YOUR ASSIGNMENT: Your task is to transcribe, word for word, the line containing "8月9日,網(wǎng)球愛(ài)好者在京山文峰網(wǎng)球特色村練球。" and all lines that follow it to the end of the entries. Leave out the pictures.

Data extracted from a collection:

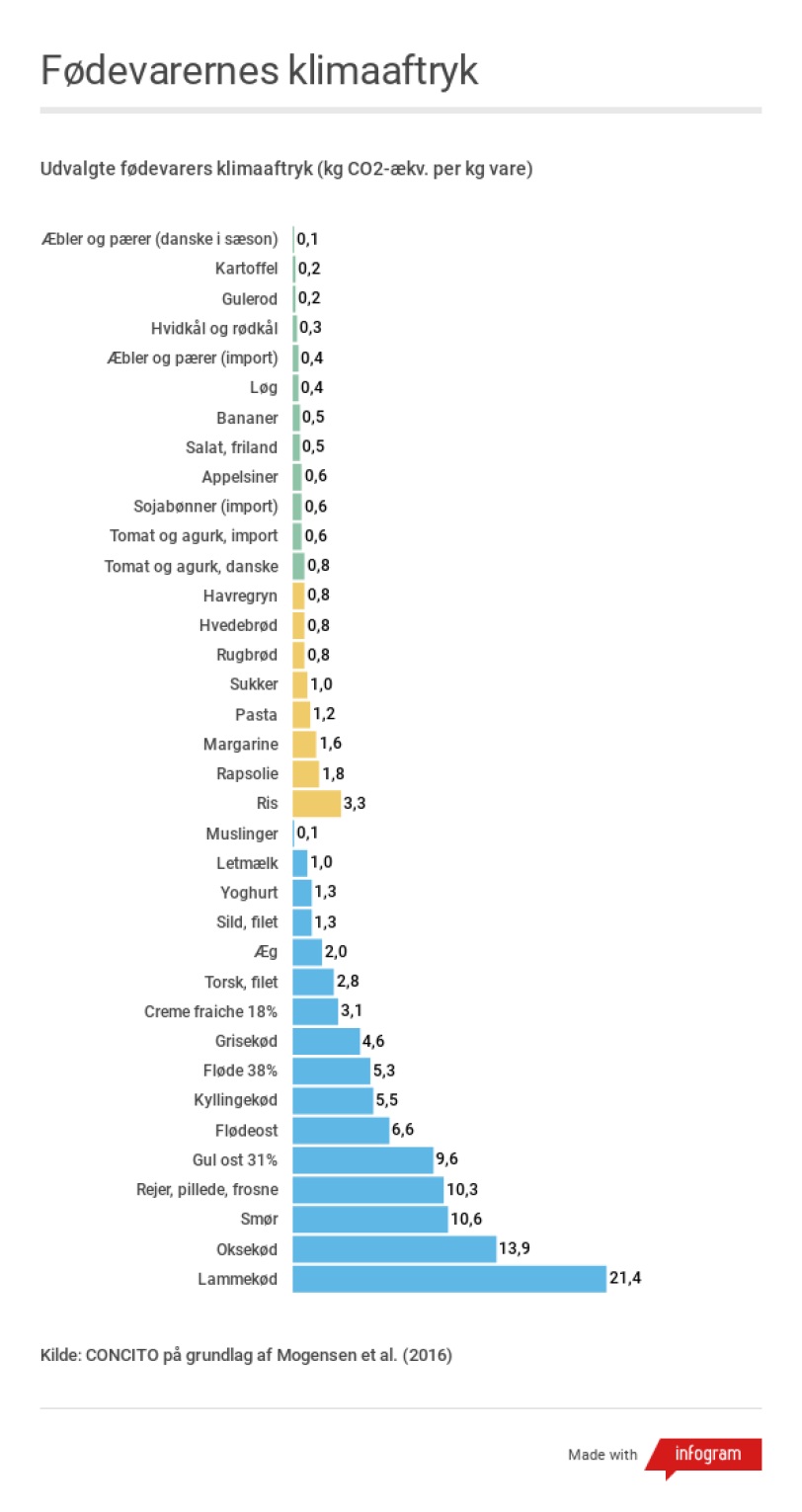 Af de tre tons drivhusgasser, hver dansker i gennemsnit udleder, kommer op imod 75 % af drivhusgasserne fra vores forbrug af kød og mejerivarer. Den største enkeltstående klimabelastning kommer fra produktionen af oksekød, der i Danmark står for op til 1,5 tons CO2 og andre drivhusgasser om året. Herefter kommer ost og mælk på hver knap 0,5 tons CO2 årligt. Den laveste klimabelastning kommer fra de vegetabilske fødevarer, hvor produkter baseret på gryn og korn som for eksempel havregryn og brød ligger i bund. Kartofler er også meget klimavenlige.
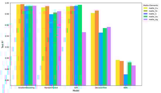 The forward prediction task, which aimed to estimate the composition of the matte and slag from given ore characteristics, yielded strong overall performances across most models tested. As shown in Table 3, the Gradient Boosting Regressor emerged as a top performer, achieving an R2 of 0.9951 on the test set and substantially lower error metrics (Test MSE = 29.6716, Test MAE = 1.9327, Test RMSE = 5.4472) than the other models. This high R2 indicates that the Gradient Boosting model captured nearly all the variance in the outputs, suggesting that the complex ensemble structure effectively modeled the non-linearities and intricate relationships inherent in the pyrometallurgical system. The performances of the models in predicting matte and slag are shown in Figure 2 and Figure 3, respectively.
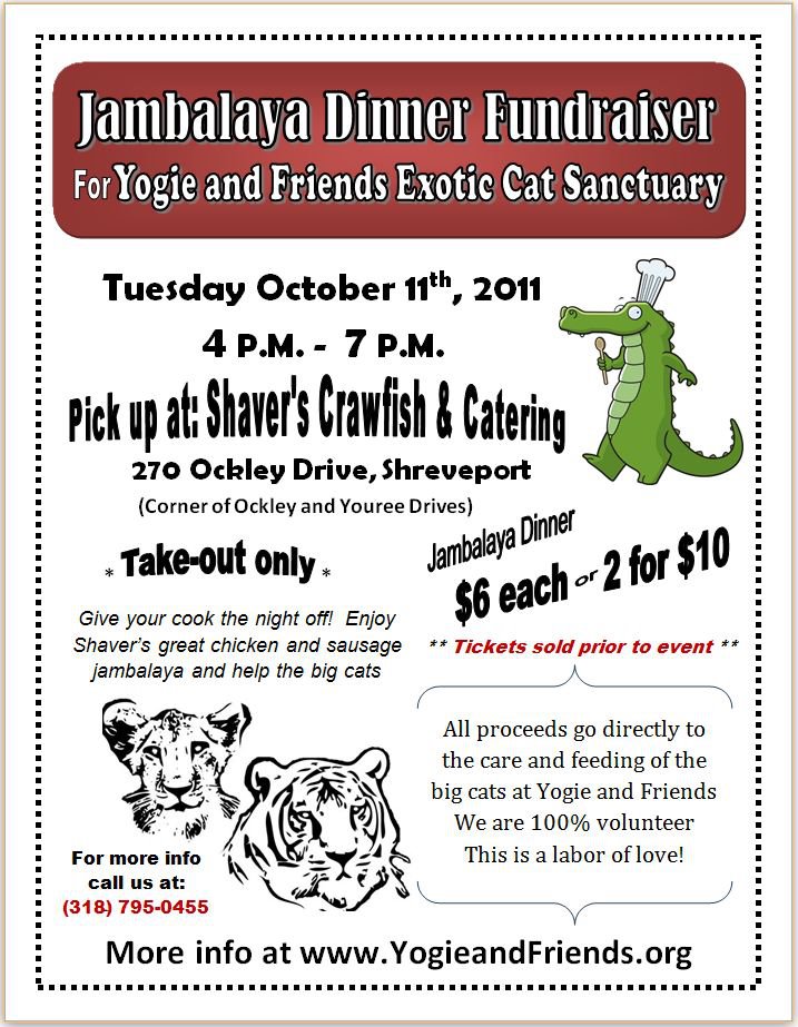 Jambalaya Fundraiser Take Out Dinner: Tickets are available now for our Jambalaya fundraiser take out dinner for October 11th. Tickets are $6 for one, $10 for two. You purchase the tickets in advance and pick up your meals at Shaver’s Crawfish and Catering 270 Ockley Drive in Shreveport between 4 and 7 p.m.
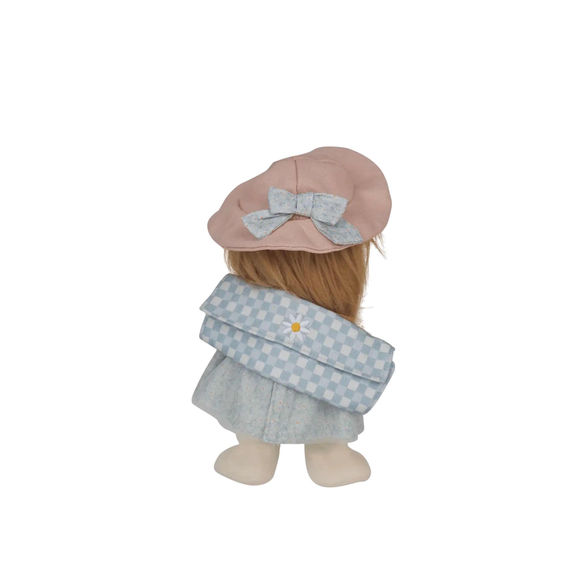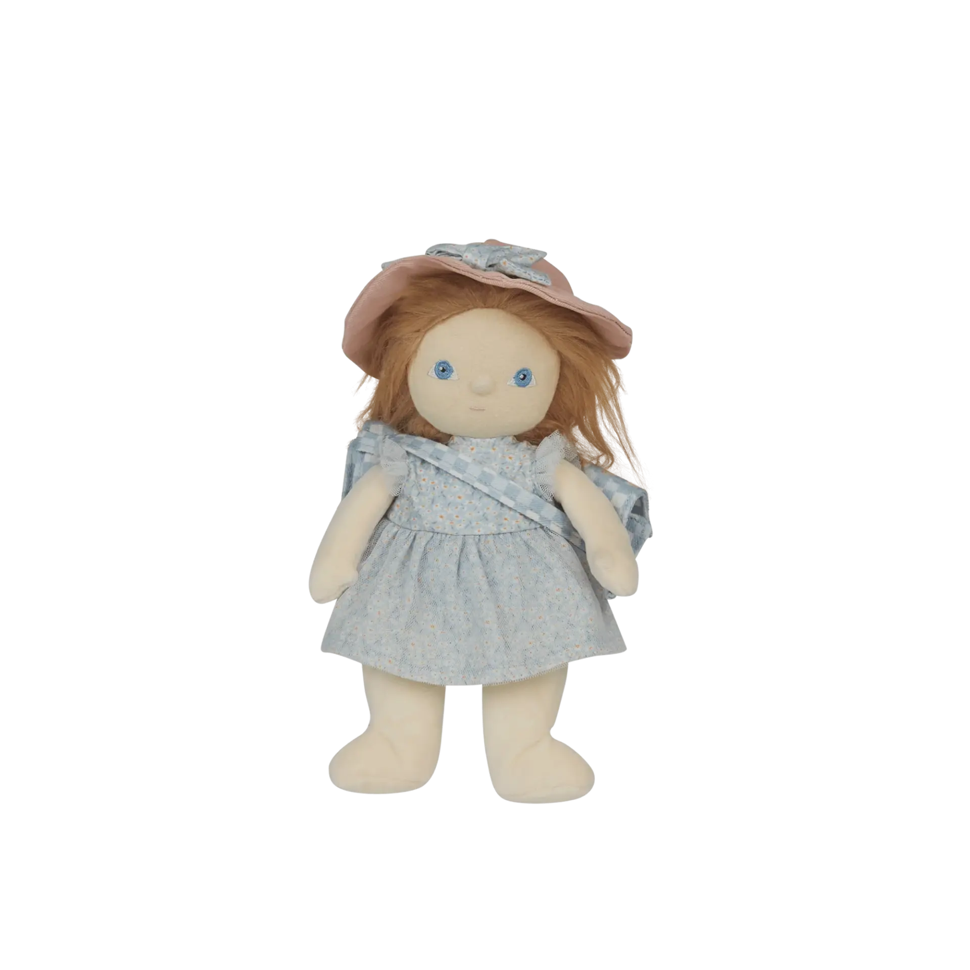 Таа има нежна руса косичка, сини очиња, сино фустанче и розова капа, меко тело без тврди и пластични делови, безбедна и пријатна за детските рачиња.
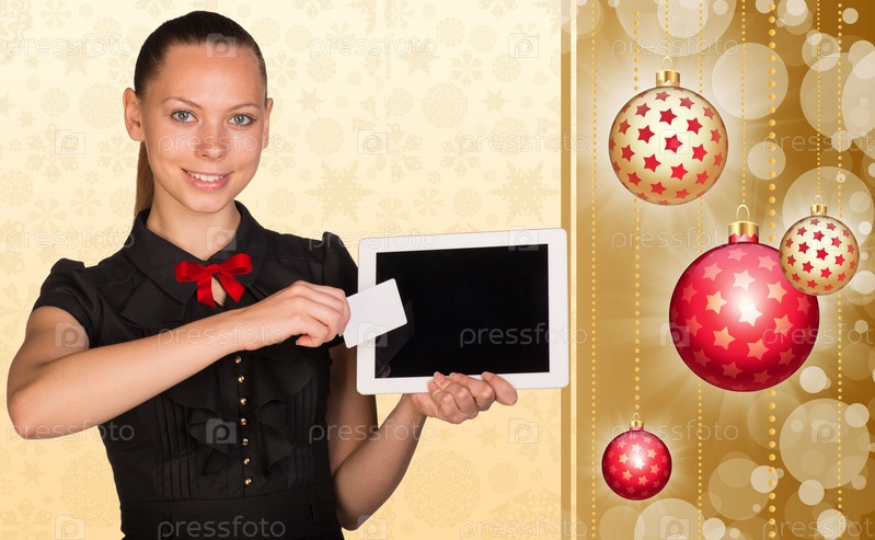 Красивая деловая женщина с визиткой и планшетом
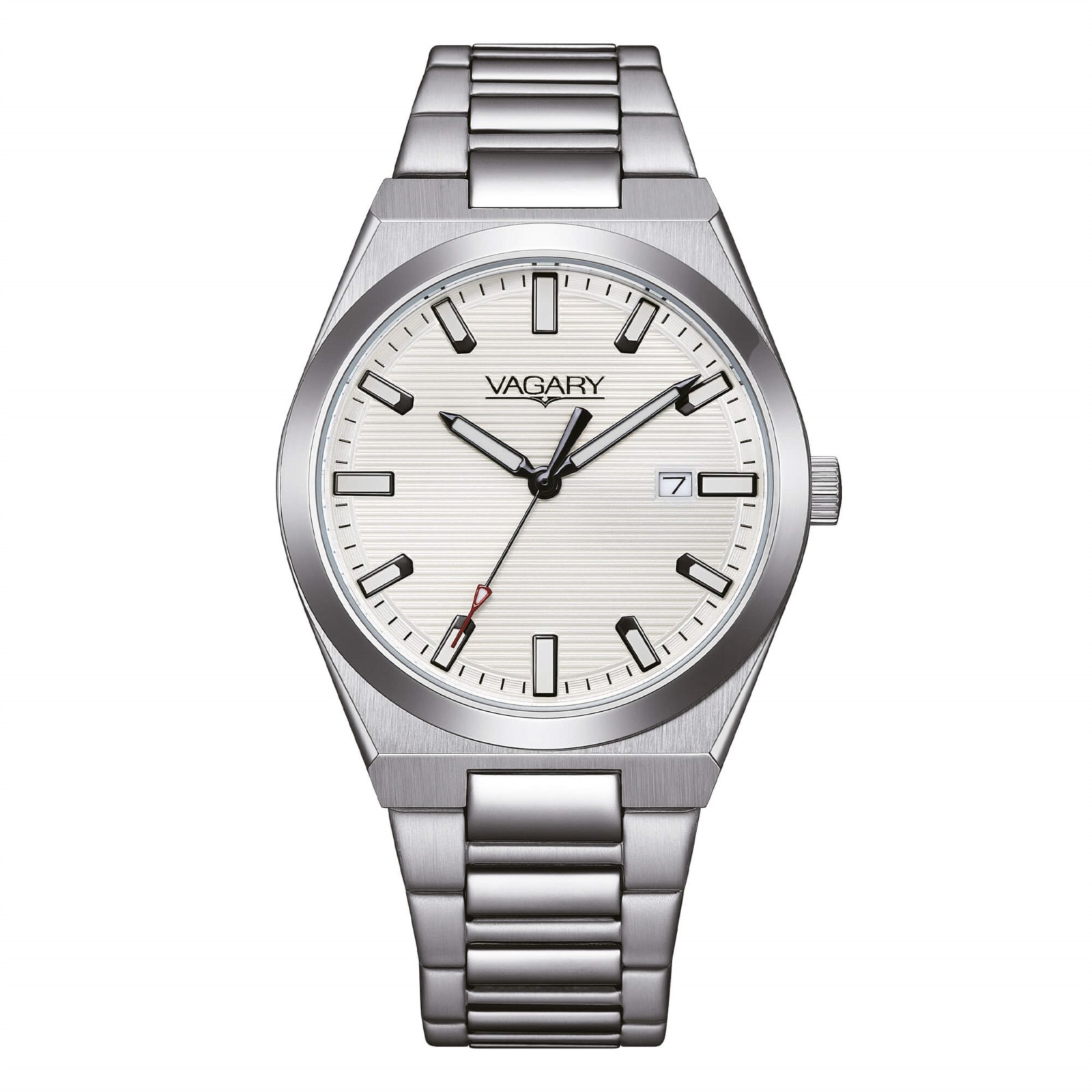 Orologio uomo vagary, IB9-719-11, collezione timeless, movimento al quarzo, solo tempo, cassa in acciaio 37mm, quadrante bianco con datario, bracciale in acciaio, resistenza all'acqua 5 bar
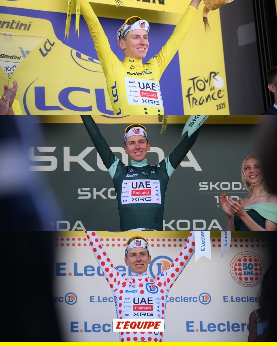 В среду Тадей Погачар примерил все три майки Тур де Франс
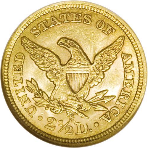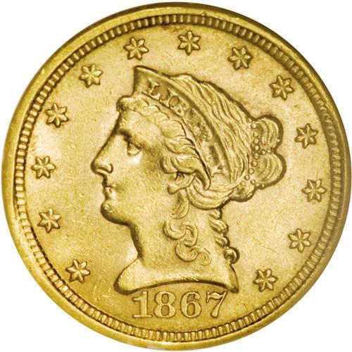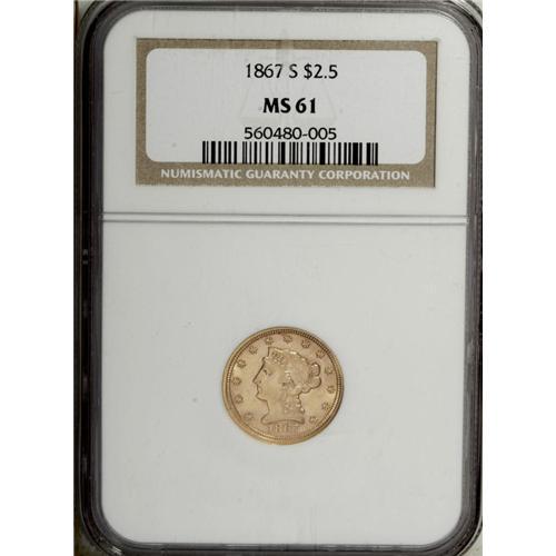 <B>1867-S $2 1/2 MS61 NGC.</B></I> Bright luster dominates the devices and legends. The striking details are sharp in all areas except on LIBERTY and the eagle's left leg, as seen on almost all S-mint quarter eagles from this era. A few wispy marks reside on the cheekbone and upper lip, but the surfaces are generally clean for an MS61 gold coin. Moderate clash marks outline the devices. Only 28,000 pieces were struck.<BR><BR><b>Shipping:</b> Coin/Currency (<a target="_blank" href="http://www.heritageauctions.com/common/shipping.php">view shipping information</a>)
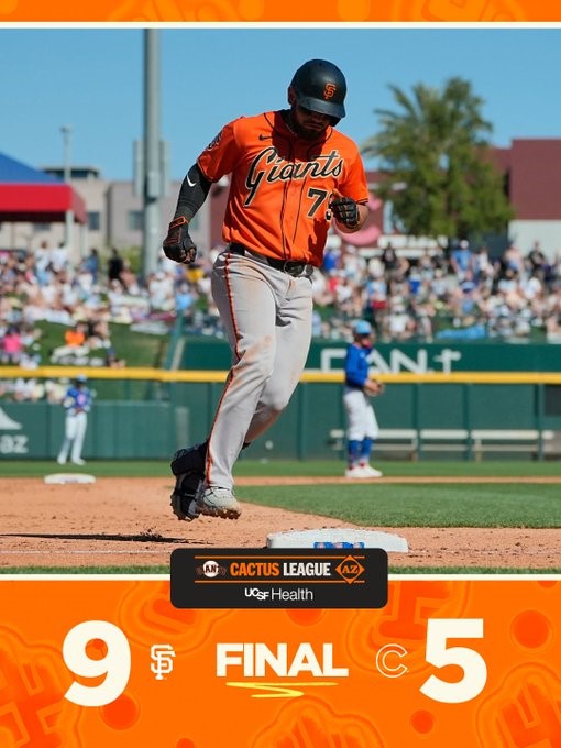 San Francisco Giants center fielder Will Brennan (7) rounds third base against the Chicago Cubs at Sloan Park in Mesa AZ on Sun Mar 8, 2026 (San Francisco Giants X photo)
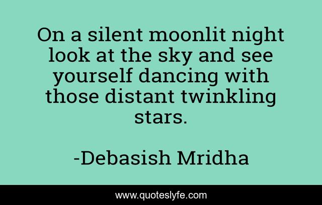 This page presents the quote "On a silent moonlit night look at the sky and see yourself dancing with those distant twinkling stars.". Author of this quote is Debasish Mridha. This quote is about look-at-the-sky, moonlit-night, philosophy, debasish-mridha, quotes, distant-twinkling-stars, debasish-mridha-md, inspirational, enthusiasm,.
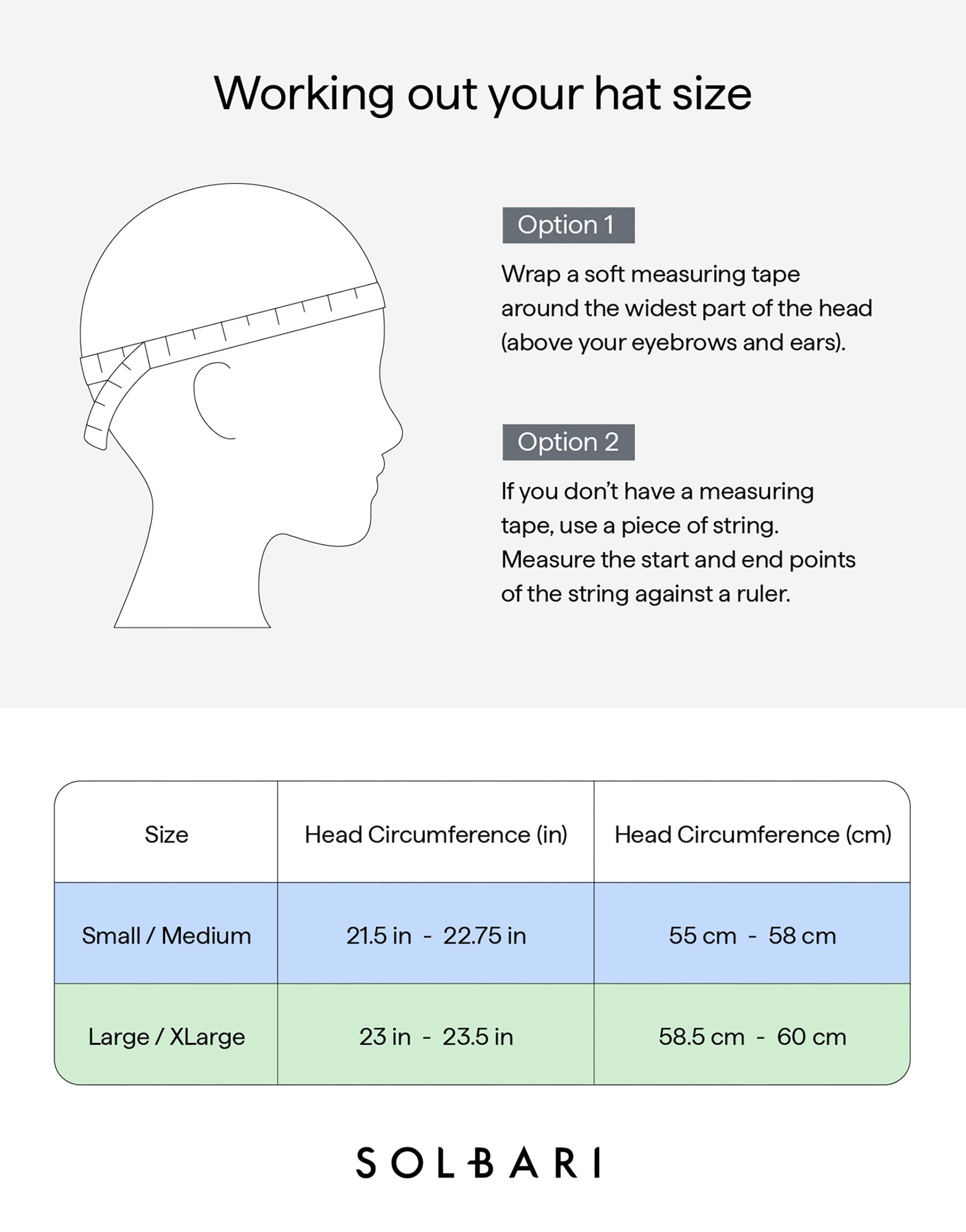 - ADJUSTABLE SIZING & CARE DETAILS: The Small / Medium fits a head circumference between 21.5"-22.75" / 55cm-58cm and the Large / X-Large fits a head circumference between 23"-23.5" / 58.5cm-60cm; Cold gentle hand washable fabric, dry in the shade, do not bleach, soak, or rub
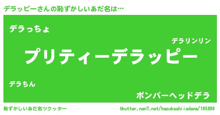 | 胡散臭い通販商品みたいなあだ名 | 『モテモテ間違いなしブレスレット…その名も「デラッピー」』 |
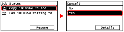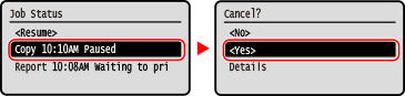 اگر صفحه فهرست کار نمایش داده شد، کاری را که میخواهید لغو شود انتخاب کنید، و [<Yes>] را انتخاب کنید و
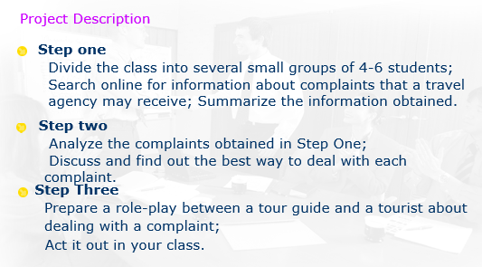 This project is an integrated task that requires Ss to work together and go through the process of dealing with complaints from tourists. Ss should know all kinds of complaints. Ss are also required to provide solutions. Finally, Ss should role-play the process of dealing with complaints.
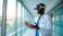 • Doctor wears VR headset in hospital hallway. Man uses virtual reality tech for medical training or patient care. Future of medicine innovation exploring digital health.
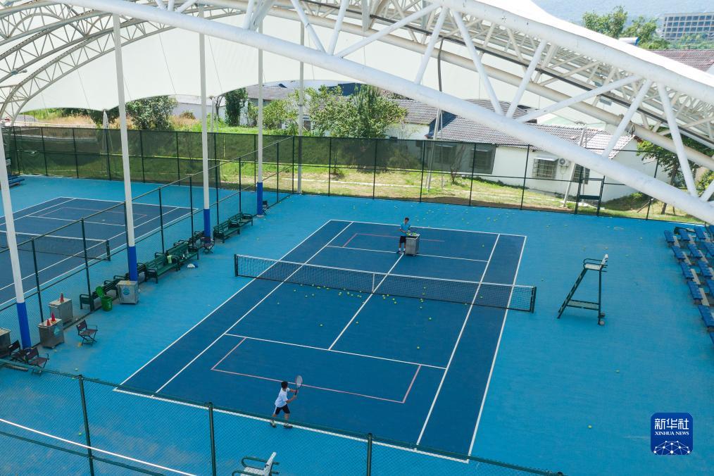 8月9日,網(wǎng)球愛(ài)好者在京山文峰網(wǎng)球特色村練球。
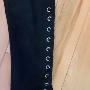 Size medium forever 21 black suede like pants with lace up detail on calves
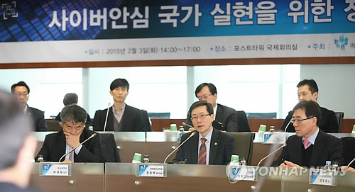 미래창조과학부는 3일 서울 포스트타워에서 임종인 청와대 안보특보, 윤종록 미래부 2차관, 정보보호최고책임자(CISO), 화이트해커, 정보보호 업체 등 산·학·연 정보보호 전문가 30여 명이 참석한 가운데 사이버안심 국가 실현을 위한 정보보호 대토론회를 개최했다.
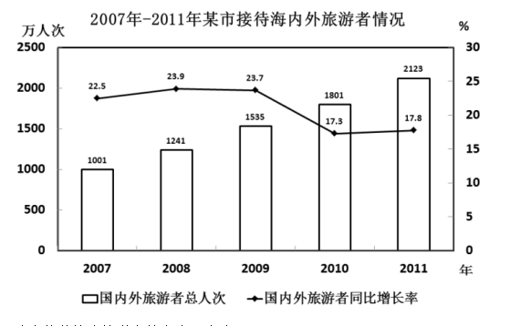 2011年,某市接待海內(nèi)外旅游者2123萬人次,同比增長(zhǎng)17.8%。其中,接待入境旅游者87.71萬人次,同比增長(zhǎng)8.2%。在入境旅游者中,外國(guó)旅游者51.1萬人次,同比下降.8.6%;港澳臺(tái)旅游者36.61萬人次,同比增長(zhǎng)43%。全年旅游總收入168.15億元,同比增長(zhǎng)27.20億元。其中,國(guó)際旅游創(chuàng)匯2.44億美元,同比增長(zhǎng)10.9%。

EXERCISE RESULT:
 8月9日,網(wǎng)球愛(ài)好者在京山文峰網(wǎng)球特色村練球。
 Size medium forever 21 black suede like pants with lace up detail on calves
 미래창조과학부는 3일 서울 포스트타워에서 임종인 청와대 안보특보, 윤종록 미래부 2차관, 정보보호최고책임자(CISO), 화이트해커, 정보보호 업체 등 산·학·연 정보보호 전문가 30여 명이 참석한 가운데 사이버안심 국가 실현을 위한 정보보호 대토론회를 개최했다.
 2011年,某市接待海內(nèi)外旅游者2123萬人次,同比增長(zhǎng)17.8%。其中,接待入境旅游者87.71萬人次,同比增長(zhǎng)8.2%。在入境旅游者中,外國(guó)旅游者51.1萬人次,同比下降.8.6%;港澳臺(tái)旅游者36.61萬人次,同比增長(zhǎng)43%。全年旅游總收入168.15億元,同比增長(zhǎng)27.20億元。其中,國(guó)際旅游創(chuàng)匯2.44億美元,同比增長(zhǎng)10.9%。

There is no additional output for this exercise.